◆ Exercise objective ◆
Every line from the one with "東京都台東区に本社、埼玉県さ" up to and including the one with "Yol üzerindeki özel" is to be output exactly as it appears below; pictures are not.

◆ Input material ◆
________________________________________

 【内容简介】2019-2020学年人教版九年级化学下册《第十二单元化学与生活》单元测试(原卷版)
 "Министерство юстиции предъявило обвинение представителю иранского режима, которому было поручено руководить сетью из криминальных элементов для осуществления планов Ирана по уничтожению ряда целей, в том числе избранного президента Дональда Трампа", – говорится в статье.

________________________________________

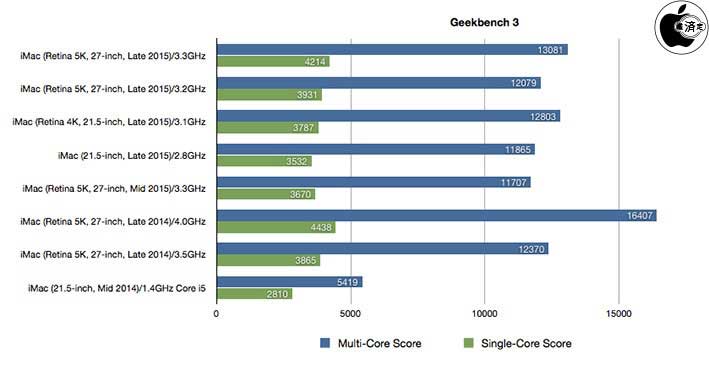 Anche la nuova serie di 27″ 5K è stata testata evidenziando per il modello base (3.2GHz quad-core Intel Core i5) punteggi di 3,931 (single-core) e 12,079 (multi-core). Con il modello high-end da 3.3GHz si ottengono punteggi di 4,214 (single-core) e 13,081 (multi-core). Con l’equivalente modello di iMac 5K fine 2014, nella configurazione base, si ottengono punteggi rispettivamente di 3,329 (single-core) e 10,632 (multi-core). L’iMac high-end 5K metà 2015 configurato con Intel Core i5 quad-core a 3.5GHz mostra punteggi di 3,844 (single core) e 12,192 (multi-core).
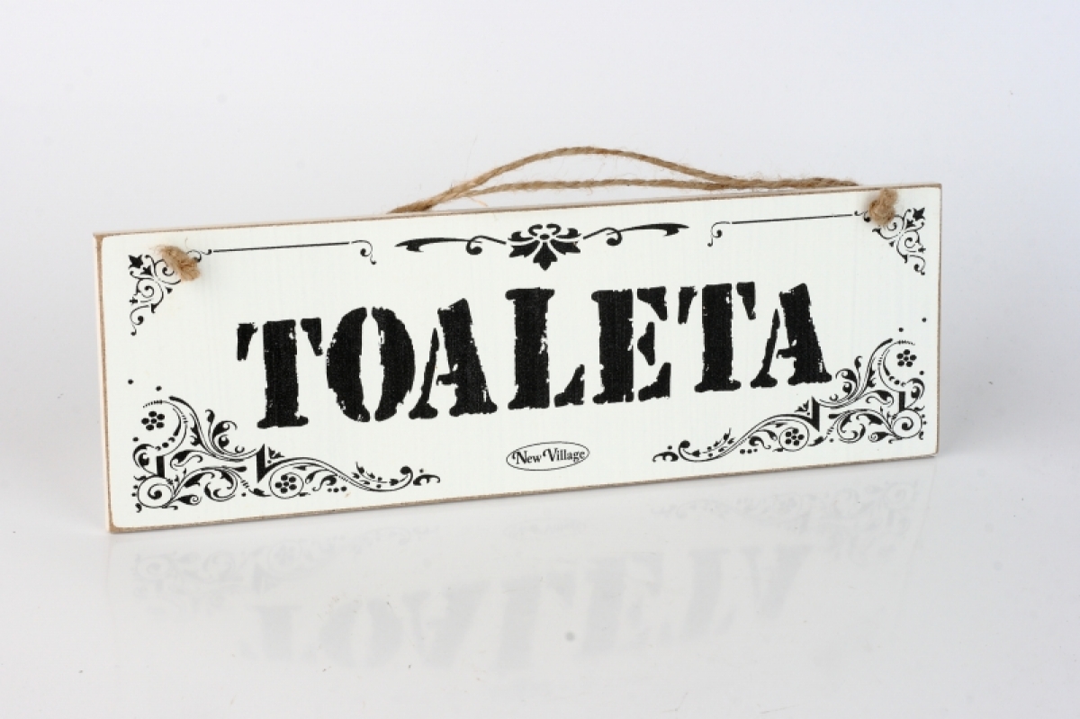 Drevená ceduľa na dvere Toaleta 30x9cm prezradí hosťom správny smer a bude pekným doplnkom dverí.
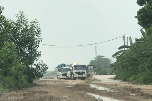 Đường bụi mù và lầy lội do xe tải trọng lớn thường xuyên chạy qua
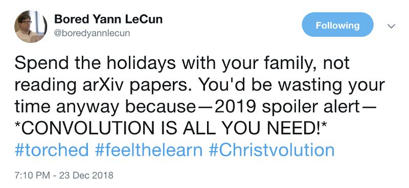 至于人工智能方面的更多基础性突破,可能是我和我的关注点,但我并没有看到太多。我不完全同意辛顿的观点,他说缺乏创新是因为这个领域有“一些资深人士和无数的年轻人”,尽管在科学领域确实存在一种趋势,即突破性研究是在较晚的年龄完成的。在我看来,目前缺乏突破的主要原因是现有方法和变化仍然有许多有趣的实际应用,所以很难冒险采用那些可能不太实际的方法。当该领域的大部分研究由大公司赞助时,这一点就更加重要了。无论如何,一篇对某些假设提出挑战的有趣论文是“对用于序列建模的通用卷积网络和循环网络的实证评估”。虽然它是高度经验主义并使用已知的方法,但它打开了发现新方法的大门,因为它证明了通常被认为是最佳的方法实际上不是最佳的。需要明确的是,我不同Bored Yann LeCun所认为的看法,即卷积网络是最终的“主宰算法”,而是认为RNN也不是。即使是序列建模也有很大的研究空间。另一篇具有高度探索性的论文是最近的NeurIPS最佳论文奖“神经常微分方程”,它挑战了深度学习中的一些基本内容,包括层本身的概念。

________________________________________

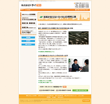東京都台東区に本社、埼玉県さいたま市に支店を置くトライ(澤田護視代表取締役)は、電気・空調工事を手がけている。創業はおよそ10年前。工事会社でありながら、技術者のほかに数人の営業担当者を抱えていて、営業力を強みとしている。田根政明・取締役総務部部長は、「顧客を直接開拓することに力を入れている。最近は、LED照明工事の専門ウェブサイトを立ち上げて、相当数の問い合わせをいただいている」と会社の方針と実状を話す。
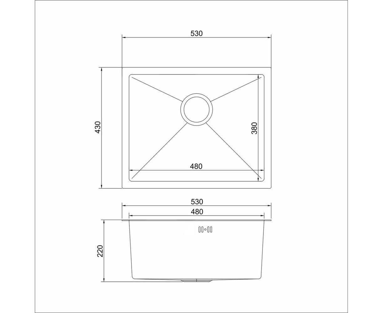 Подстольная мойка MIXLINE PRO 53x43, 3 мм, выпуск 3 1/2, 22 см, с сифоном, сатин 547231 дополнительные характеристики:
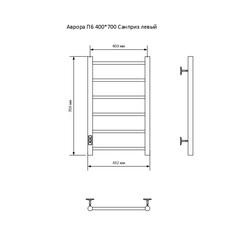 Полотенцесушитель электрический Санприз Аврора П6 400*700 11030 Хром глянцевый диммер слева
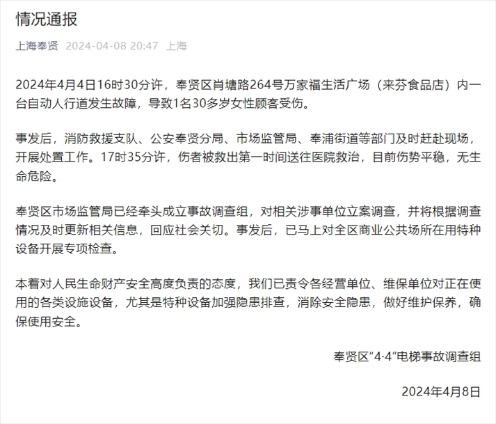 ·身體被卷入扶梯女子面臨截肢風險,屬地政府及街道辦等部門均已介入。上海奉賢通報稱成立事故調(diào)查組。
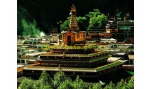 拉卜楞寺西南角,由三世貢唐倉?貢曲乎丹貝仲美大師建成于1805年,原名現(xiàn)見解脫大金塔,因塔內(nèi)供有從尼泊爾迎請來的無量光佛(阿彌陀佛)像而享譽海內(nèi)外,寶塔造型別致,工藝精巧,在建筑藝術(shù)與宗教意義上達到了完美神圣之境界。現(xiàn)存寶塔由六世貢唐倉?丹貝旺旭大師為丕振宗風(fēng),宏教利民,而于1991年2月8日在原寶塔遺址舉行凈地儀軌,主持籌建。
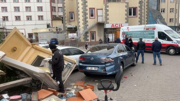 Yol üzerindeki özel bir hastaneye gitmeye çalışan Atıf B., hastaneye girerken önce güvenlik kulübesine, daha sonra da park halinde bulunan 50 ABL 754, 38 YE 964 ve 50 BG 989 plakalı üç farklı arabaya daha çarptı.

________________________________________

◆ Answer below ◆
東京都台東区に本社、埼玉県さいたま市に支店を置くトライ(澤田護視代表取締役)は、電気・空調工事を手がけている。創業はおよそ10年前。工事会社でありながら、技術者のほかに数人の営業担当者を抱えていて、営業力を強みとしている。田根政明・取締役総務部部長は、「顧客を直接開拓することに力を入れている。最近は、LED照明工事の専門ウェブサイトを立ち上げて、相当数の問い合わせをいただいている」と会社の方針と実状を話す。
 Подстольная мойка MIXLINE PRO 53x43, 3 мм, выпуск 3 1/2, 22 см, с сифоном, сатин 547231 дополнительные характеристики:
 Полотенцесушитель электрический Санприз Аврора П6 400*700 11030 Хром глянцевый диммер слева
 ·身體被卷入扶梯女子面臨截肢風險,屬地政府及街道辦等部門均已介入。上海奉賢通報稱成立事故調(diào)查組。
 拉卜楞寺西南角,由三世貢唐倉?貢曲乎丹貝仲美大師建成于1805年,原名現(xiàn)見解脫大金塔,因塔內(nèi)供有從尼泊爾迎請來的無量光佛(阿彌陀佛)像而享譽海內(nèi)外,寶塔造型別致,工藝精巧,在建筑藝術(shù)與宗教意義上達到了完美神圣之境界。現(xiàn)存寶塔由六世貢唐倉?丹貝旺旭大師為丕振宗風(fēng),宏教利民,而于1991年2月8日在原寶塔遺址舉行凈地儀軌,主持籌建。
 Yol üzerindeki özel bir hastaneye gitmeye çalışan Atıf B., hastaneye girerken önce güvenlik kulübesine, daha sonra da park halinde bulunan 50 ABL 754, 38 YE 964 ve 50 BG 989 plakalı üç farklı arabaya daha çarptı.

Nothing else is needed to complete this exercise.